Immunochemical stains for DAPI (blue), vimentin (green), and CD44 (red) for adhered fibroblasts on CNTs and CNTs/SF polymer surfaces for 12 h of incubation to observe the morphology of the cells ((a) CNTs polymer surface; (b) CNTs/SF polymer surface; scale bar: 67 μm for panel (a), 100 μm for panel (b)).

Figure 8

The CD44 protein-protein interaction pathways were performed by String 9.0 Web software. The CD44 can turn on the PI3 K/AKT/mTOR pathway, which is responsible for the proliferation and is required for survival of the majority of cells.

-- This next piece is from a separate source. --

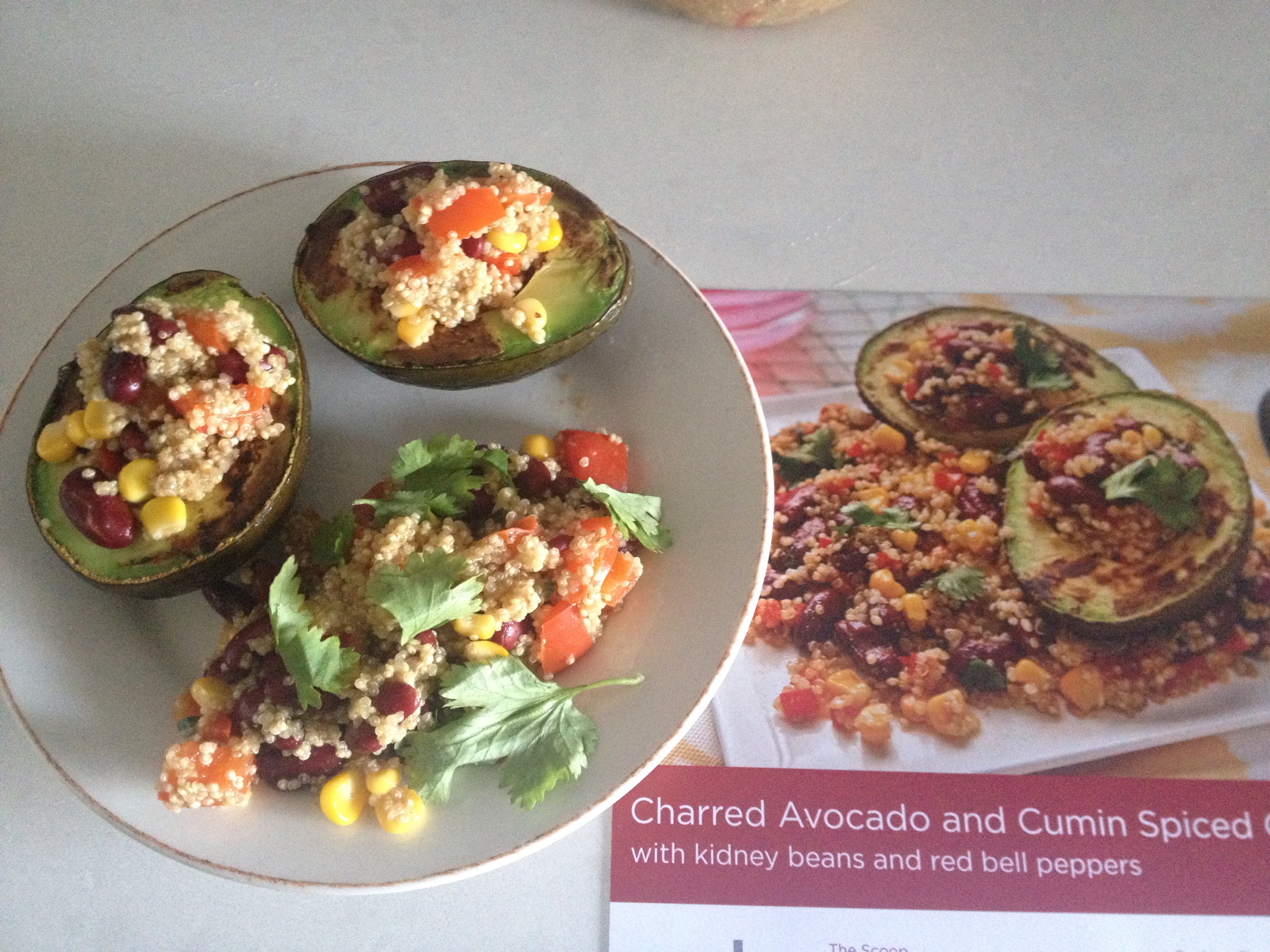 MEAL 1: CHARRED AVOCADO AND CUMIN SPICED QUINOA SALAD with kidney beans and red bell peppers

As expected, the CNTs/SF polymer surface caused larger frequency shifts than the CNTs polymer surface. Indeed, the presence of SF on the surface supported in vitro cell adhesion, and SF participates importantly in cell proliferation [39]. In this study, the results were mutually consistent when using the BrdU cell proliferation assay and QCM techniques which were utilized to investigate the adhesions of fibroblasts to polymer surfaces that coated the electrodes. However, these methods are limited to the quantitative analysis of cell amount. Proteomic analysis provides a means for the large-scale characterization of the differential expression of proteins from cells on modified surfaces. The mass spectrometry-based proteomics approach has many advantages, especially in identification of related proteins. Experimental results indicate that the CNTs/SF polymer surface may be able to activate several cell-material interaction pathways and promote cell adhesion. Consequently, previous unfamiliar proteins can be found and the interaction of cell-material may be established. The proteomic scheme was adopted to identify proteins with differential expression, which participate importantly in the adhesion of cells to material surfaces.

4. Conclusions

In this study, a biopolymer surface was formatted with SF. According to the results concerning fibroblasts that were stained with DAPI/vimentin/CD44, BrdU cell proliferation assay, and the frequency shifts that were determined using QCM, the numbers and mass of fibroblasts that adhered to the CNTs/SF polymer surface of electrodes were significantly higher than those of fibroblasts on other surfaces. The SF modified surface has been confirmed and improved the cell adhesion. To evaluate the responses of cellular proteins induced by SF-modified surfaces, mass spectrometry-based proteomics is adopted to analyze complex proteins of cell lysate and to profile proteins based on their associated cell-surface interactions. By utilizing proteomic approaches, it is indicated that the SF modified surface induces fibroblasts to express CD44 as an interactive protein between cell and material surface to enhance cell adhesion. Although the pathways of the interactions between CD44 and SF were unclear, the cell adhesion affected by CD44 was established. In summary, the functional groups of biomaterials may induce the secretion of proteins from cells. This study proposed a new approach for the detection of proteins to assess the response of fibroblasts to a material surface. Knowing the responses of cellular proteins induced by biomaterials may assist the development of applications in the immediate future.